The UEFA Super Cup (called European Super Cup prior to 1995) is an annual contest played between the previous season's UEFA Champions League (formerly the European Cup) and UEFA Europa League (formerly UEFA Cup) winners. The first final, played over two legs between Dutch team Ajax and Glasgow's Rangers is considered unofficial by UEFA. Rangers were banned from European competition due to the behaviour of their fans but, having won the UEFA Cup Winners' Cup the previous season, contested the title. Ajax lifted the trophy under the guidance of Romanian manager Ștefan Kovács, winning 6–3 over the two legs.
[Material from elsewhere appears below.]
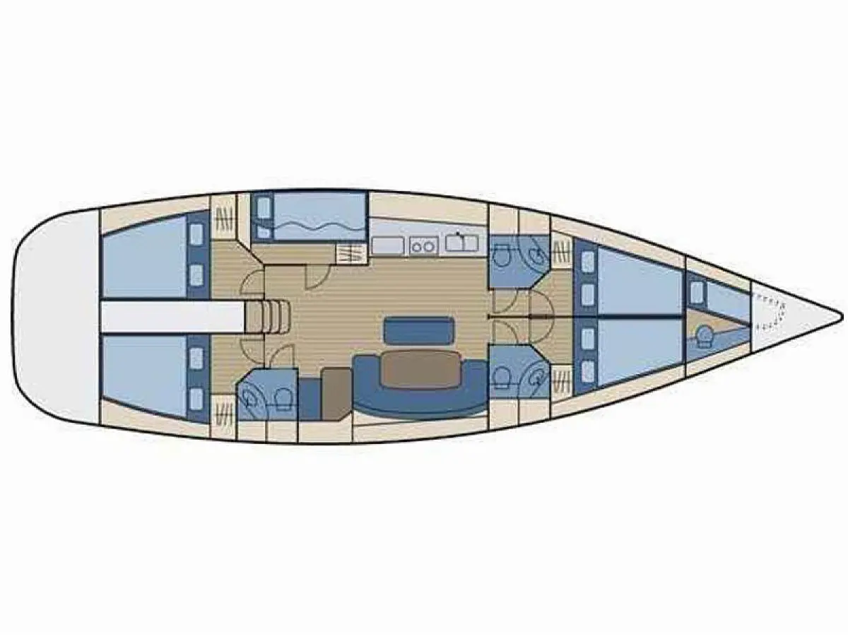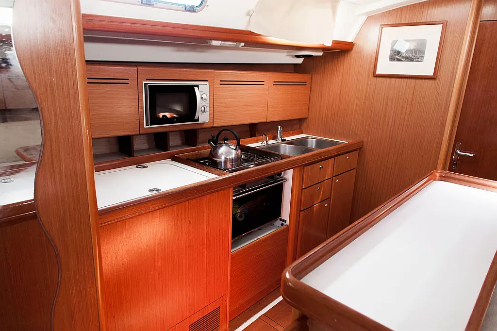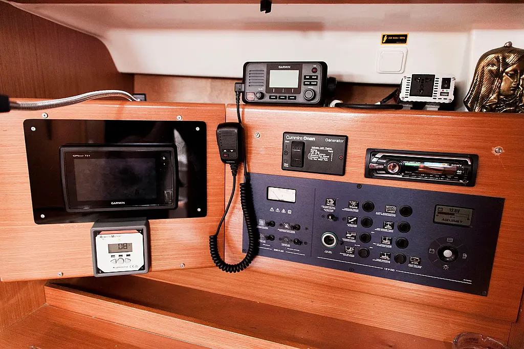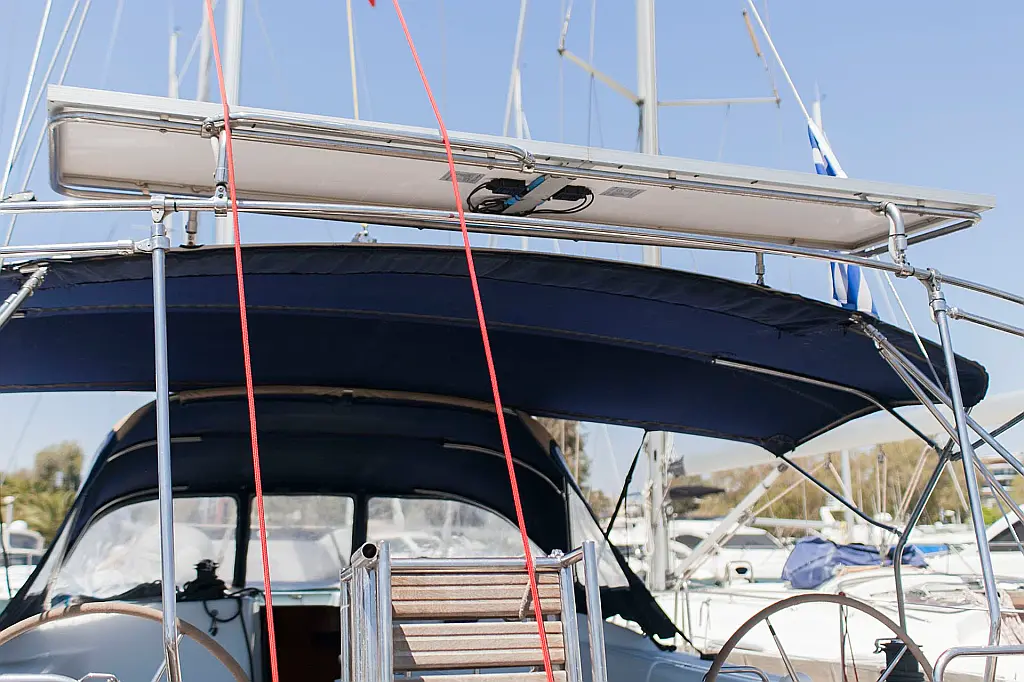 Bimini, Refrigerator, Dinghy, Electric winches, Sprayhood, Outboard engine, Solar Panels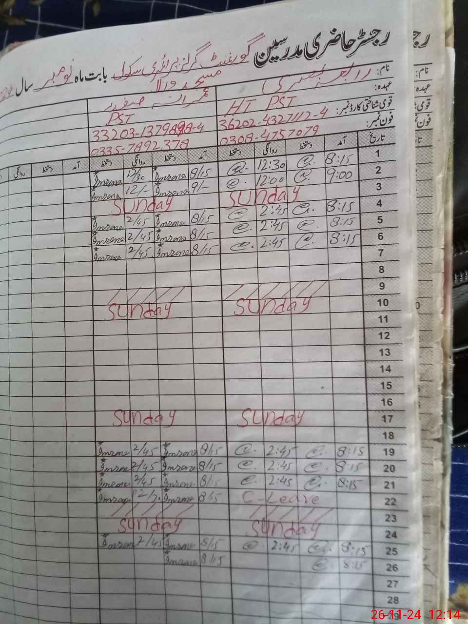 | Name: RA**** BA**** Designation: (School Headmaster's/Headmistress's) PST Phone/Cell Number: 03**** |

From 1973 to 1999, the Super Cup was contested by the winners of the European Cup/Champions League and the holders of the UEFA Cup Winners' Cup. The latter competition was then abolished and since then, the UEFA Cup have taken part in their place, Galatasaray being the first UEFA Cup winners to do so in 2000. Since the 1998 competition, the final has been a single match, played at a neutral venue (formerly the Stade Louis II in Monaco but now alternating every year). The first final held in the principality ended in success for Chelsea, led by Italian Gianluca Vialli.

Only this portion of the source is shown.